In the cross hairs of the campaign carried out by DCI of Washington were Republican senators and a regulatory overhaul bill sponsored by Sen. Chuck Hagel, R-Neb. DCI's chief executive is Doug Goodyear, whom John McCain's campaign later hired to manage the GOP convention in September.
Freddie Mac's payments to DCI began shortly after the Senate Banking, Housing and Urban Affairs Committee sent Hagel's bill to the then GOP-run Senate on July 28, 2005. All GOP members of the committee supported it; all Democrats opposed it.

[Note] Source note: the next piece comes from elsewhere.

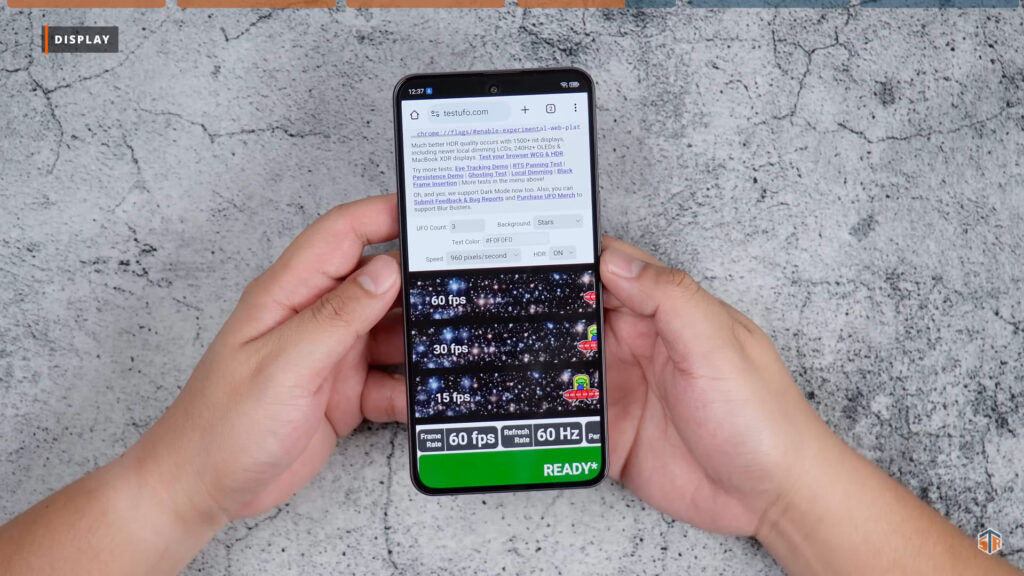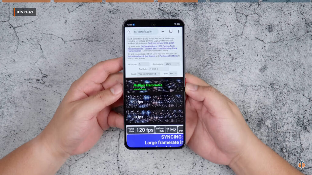 Nakakatuwa ‘yung refresh rate behavior. Sa Test UFO, kapag hindi ginagalaw ‘yung display ay 60Hz lang talaga. Pero kapag ini-touch ay babalik to 120Hz. Dapat talaga ay tipid sa battery itong phone. Hopeful ako na sa darating na mga software updates ay tataas pa yung SoT. Wala itong kahit anong color preset sa display settings. Pero pwede makapagtimpla ng color temperature.

In the midst of DCI's yearlong effort, Hagel and 25 other Republican senators pleaded unsuccessfully with Senate Majority Leader Bill Frist, R-Tenn., to allow a vote.
"If effective regulatory reform legislation : is not enacted this year, American taxpayers will continue to be exposed to the enormous risk that Fannie Mae and Freddie Mac pose to the housing market, the overall financial system and the economy as a whole," the senators wrote in a letter that proved prescient.
Firm targets senators
Unknown to the senators, DCI was undermining support for the bill in a campaign targeting 17 Republican senators in 13 states, according to documents obtained by The Associated Press. The states and the senators targeted changed over time, but always stayed on the Republican side.
In the end, there was not enough Republican support for Hagel's bill to warrant bringing it up for a vote because Democrats also opposed it and the votes of some would be needed for passage. The measure died at the end of the 109th Congress.
McCain, R-Ariz., was not a target of the DCI campaign. He signed Hagel's letter and three weeks later signed on as a co-sponsor of the bill.
By the time McCain did so, however, DCI's effort had gone on for nine months and was on its way toward killing the bill.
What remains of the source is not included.